Read the ratio. max/avg < 3 = traffic-starvation drift, queue uniformly behind because nothing triggers WP-Cron often enough. max/avg > 10 = one specific hook is the blocker, and blocker: names it. That hook is the one you investigate next. The same arithmetic is what the agent runs on every emit to compute wp_cron_max_delay_seconds and wp_cron_avg_delay_seconds.

3. Identify the slow job from wp_cron_duration_ms_sum.

If the agent has been emitting for any meaningful window, the blocker has a wp_cron_duration_ms_sum an order of magnitude above the rest. Without the agent:

time wp --path=/var/www/html cron event run woocommerce_run_update_callback
# 38.412s real time → this is the queue eater

Anything over 30 seconds in a default install will starve the rest of the queue under WP_CRON_LOCK_TIMEOUT=60.

4. Time-correlate with the traffic-starvation window or last plugin update.
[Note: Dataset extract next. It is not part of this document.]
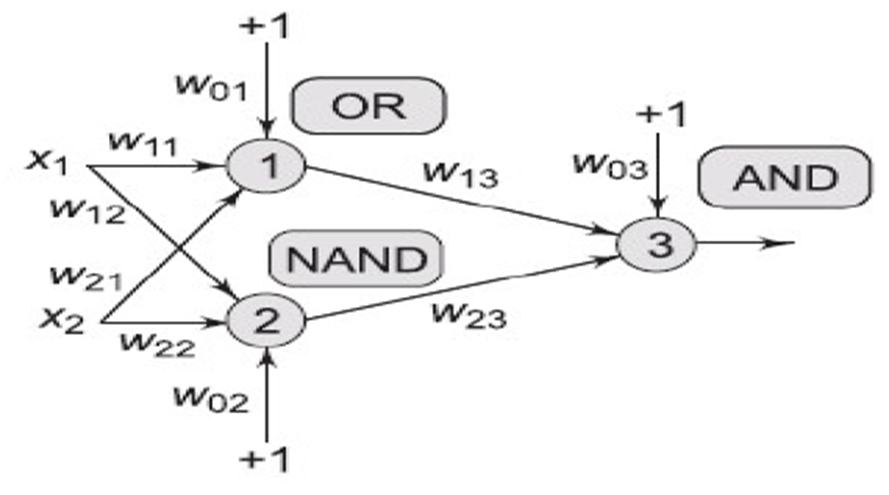 (X1 AND X2)' 은 NAND 함수가 되기 때문에, OR 함수와 NAND 함수 그리고 AND 함수를 이용하여 표현할 수 있게 됩니다.

# Did the avg-delay creep start after a plugin auto-update?
grep -iE "auto.*update|plugin.*activated" /var/www/html/wp-content/debug.log | tail -n 20

# Cross-reference with overnight traffic in the access log
awk '$4 ~ /\[..\/..\/....:0[2-6]/ {n++} END {print "low-traffic hits:", n}' \
   /var/log/nginx/access.log

The real-site pattern: wp_cron_avg_delay_seconds flat at 5–10s during the day, balloons to 1800s+ between 02:00 and 07:00 (traffic starvation), then partially recovers when the first morning visitor triggers a run. wp_cron_overdue_count shows this as a daily sawtooth with a slowly rising floor — the unblocked tail of the queue that never gets to run.

5.2 Root Causes

Each cause maps to a specific signal pattern. Prioritized by frequency.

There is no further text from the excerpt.